Seeing that this problem arises from a data input issue whose details are not stated (and only hinted at in a comment), I will assume this is a comma-delimited file of unquoted numbers with the number of columns= Ncol. This does the transposition on input.
in.mat <- matrix( scan("path/to/the_file/fil.txt", what =numeric(0), sep=","),
ncol=Ncol, byrow=TRUE)
cor(in.nmat)
One dirty work-around would be to apply cor-functions row-wise and produce the correlation matrix from the results.
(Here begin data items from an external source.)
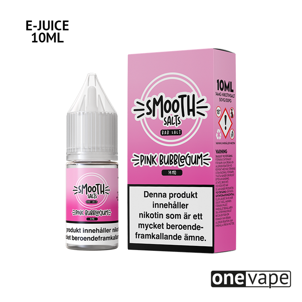 10ml E-juice med 14mg Nicsalt från Smooth Salts med smak av klassiskt rosa tuggummi.
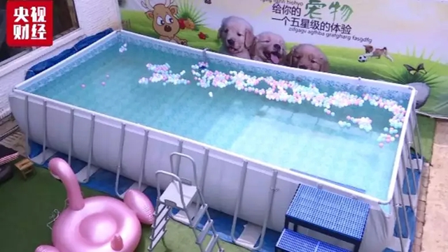 同クラブのペット用プールには、専門の救助員が配置され、ペット用の救命胴衣が準備され、高価なプール水浄化裝置もある。利用料金は1回80元だ。
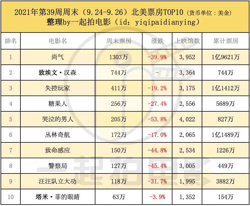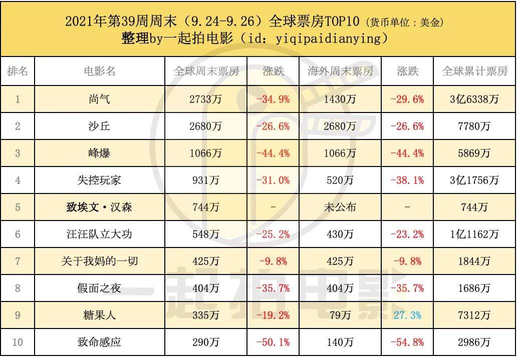 上周末全球票房大盘创下本轮疫情恢复期以来最低记录,其中内地仅有 2500万美元,北美不足4000万美元,全球更是跌破1亿美元。 不过好在国庆档期将来,各路大片现身银幕,市场预计将会有非常强烈反弹本周末大盘有望超过3亿美元。
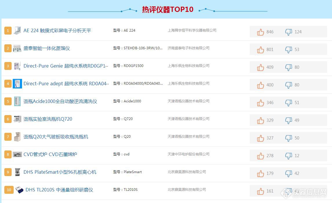 隨著申報儀器數(shù)量的不斷增加,相關儀器的“入圍評審”正式啟動。通過初審的68臺儀器開始接受用戶的入圍評議。在活動專題網(wǎng)站上,用戶通過采取投票和評論的形式,對儀器展開入圍評審。截止日前,剔除惡意刷票后,收到用戶有效投票7686張,評論591條。
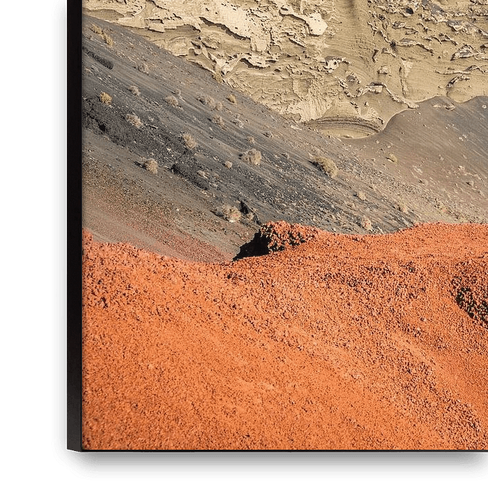 In this photograph, the volcanic beauty of Lago Verde, located on the island of Lanzarote, shines through. The landscape offers a fascinating interplay of colours and textures: the fiery, rust-red ash hills contrast powerfully with the black lava fields and dramatic, weathered cliffs of yellow and grey. The bright green waters of the…
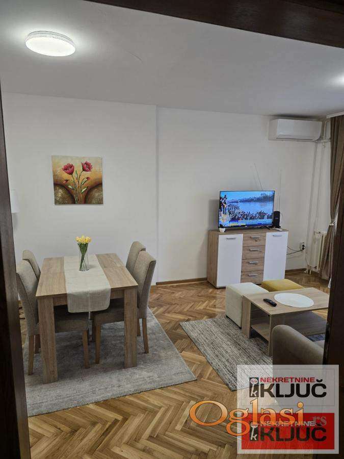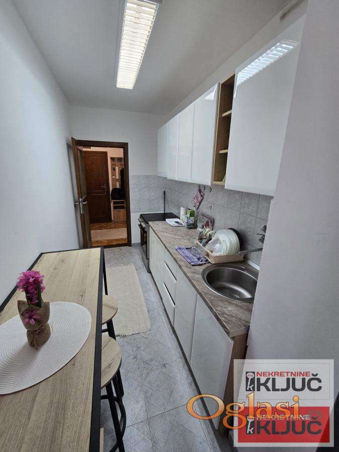 U ulici Starine Novaka izdajemo renoviran dvosoban stan.Stan je komplet renoviran i odmah je useljiv.Dnevni boravak sa trpezarijom,kuhinja je odvojena ,sa prirodnim provetravanjem,spavaća soba,kupatilo,terasa.
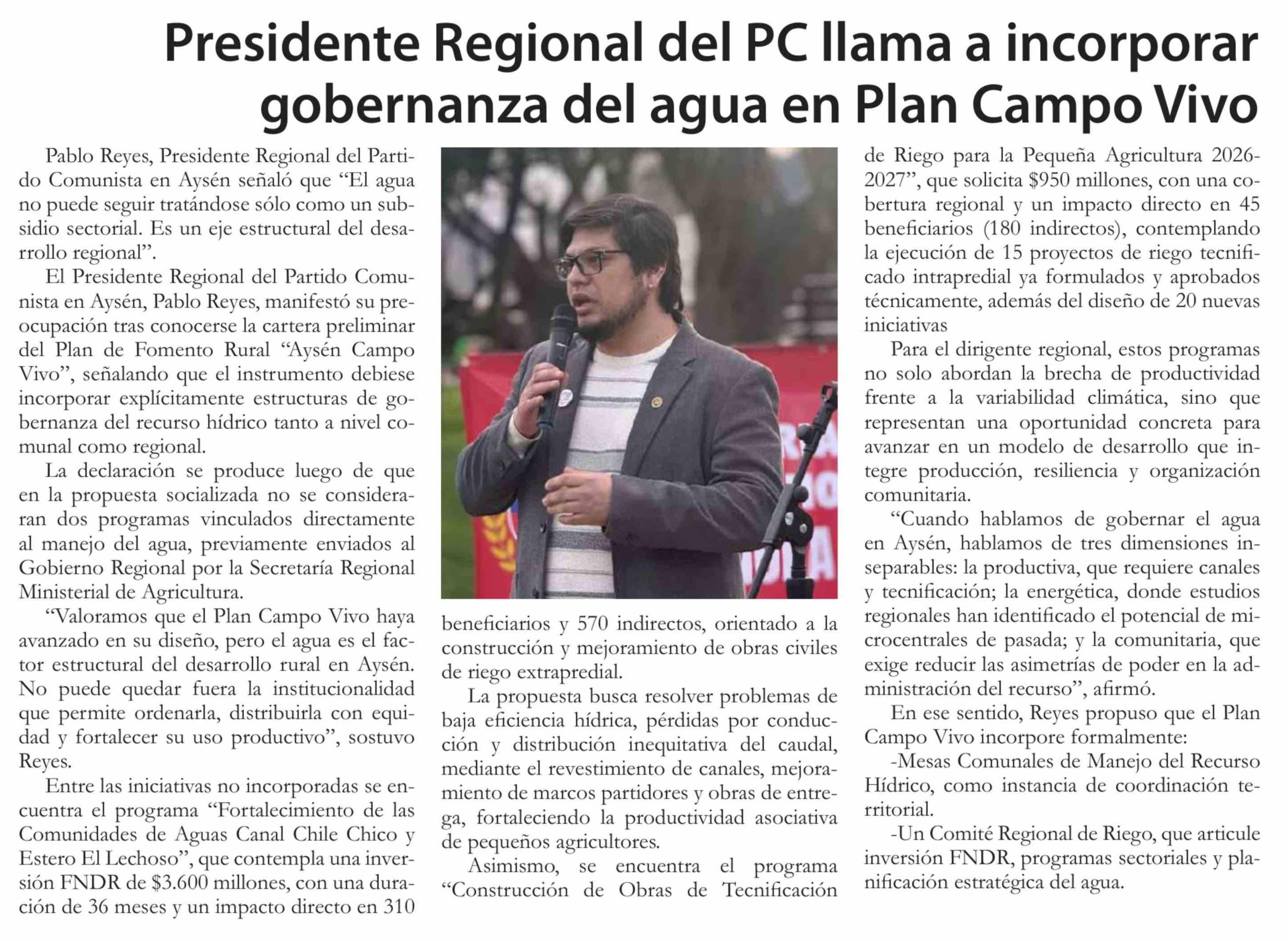 Presidente Regional del PC llama a incorporar gobernanza del agua en Plan Campo Vivo 14-02-2026 El Divisadero |
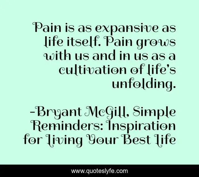 "Bryant McGill, Simple Reminders: Inspiration for Living Your Best Life Quotes." Quoteslyfe.com, 2025. Sat. 06 Dec. 2025. <https://www.quoteslyfe.com/quote/Pain-is-as-expansive-as-life-itself-140030>.
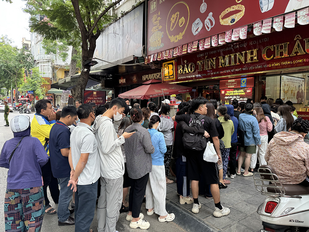 Tại Bảo Tín Mạnh Hải (phố Trần Duy Hưng), khách hàng được mua tối đa 10 lượng vàng vào đầu buổi sáng. Đây là điều rất hiếm gặp trong suốt đợt tăng giá vàng vừa qua. Do nhu cầu của khách hàng tăng cao, đến cuối buổi sáng, cửa hàng vàng này giới hạn chỉ còn 1 lượng mỗi khách hàng. Bảo Tín Mạnh Hải niêm yết giá vàng nhẫn bán ra là 154 triệu đồng/lượng.
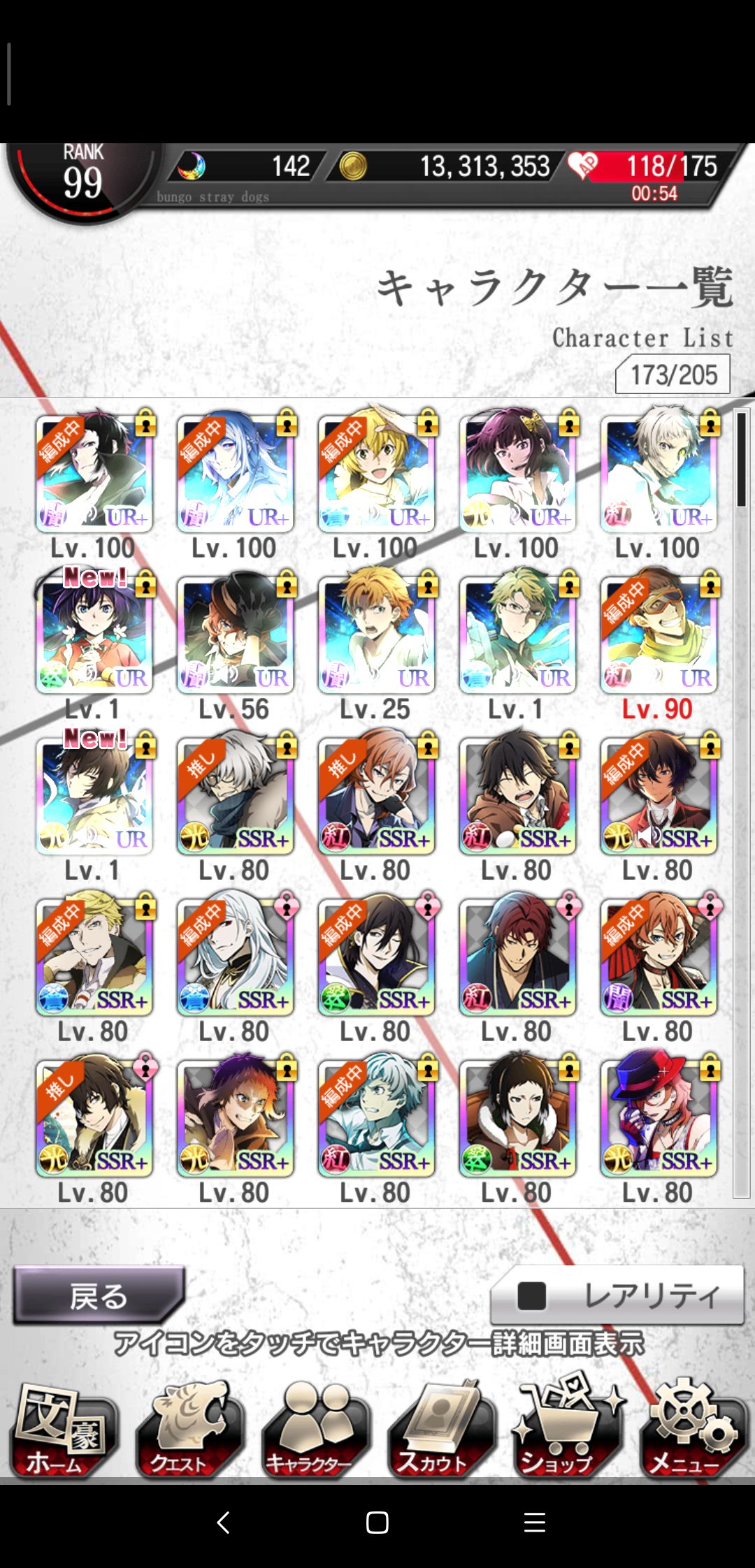 首先,关于抽卡,这游戏ssr绝对不缺(如果国服不魔改或者采用日服前期没保底的模式),下面是我去年圣诞开始玩的日服号,到现在也有不少ssr了,自建号0氪金,所以不用太担心自己太非或者抽不到ssr弃坑
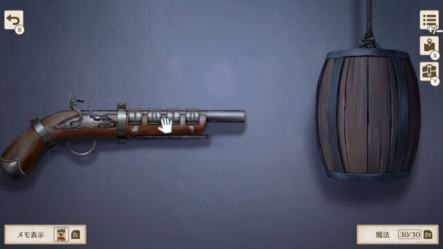 本作では、怪しいところを選択してお姫様を誘導することで、脱出の手がかりとなるアイテムや脱出のヒントを入手できます。入手したアイテムやヒントを手がかりに仕掛けを解き、脱出の糸口を見つけるのが基本的な流れです。
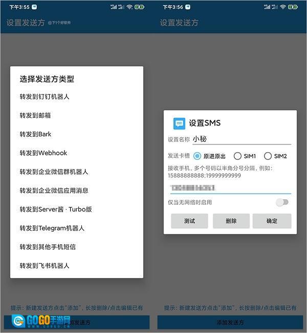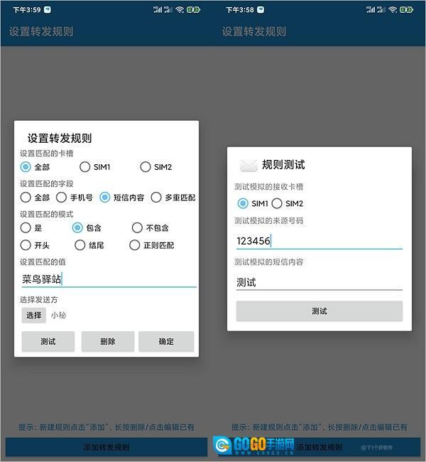 为了确保能准确转发短信内容,你可以先进行测试,随意输入短信内容和号码来源即可。

You could try if this is any more efficient (which I doubt, though you could fine-tune it by not double computing everything or the redundant diagonal cases):
# Apply 2-fold nested row-wise functions
set.seed(1)
dat <- matrix(rnorm(1000), nrow=10)
cormat <- apply(dat, MARGIN=1, FUN=function(z) apply(dat, MARGIN=1, FUN=function(y) cor(z, y)))
cormat[1:3,1:3] # Show few first
# [,1] [,2] [,3]
#[1,] 1.000000000 0.002175792 0.1559263
#[2,] 0.002175792 1.000000000 -0.1870054
#[3,] 0.155926259 -0.187005418 1.0000000
Though, generally I would expect the transpose to have a really, really efficient implementation, so it's hard to imagine when that would be the bottle-neck. But, you could also dig through the implementation of 'cor' function and call the correlation C-function itself by first making sure your rows are suitable. Type 'cor' in the terminal to see the implementation, which is mostly a wrapper that makes input suitable for the C-function:
# Row with C-call from the implementation of 'cor':
# if (method == "pearson")
# .Call(C_cor, x, y, na.method, FALSE)
You can use outer:
outer(seq(nrow(mat)), seq(nrow(mat)),
Vectorize(function(x, y) cor(mat[x , ], mat[y , ])))
where mat is the name of your matrix.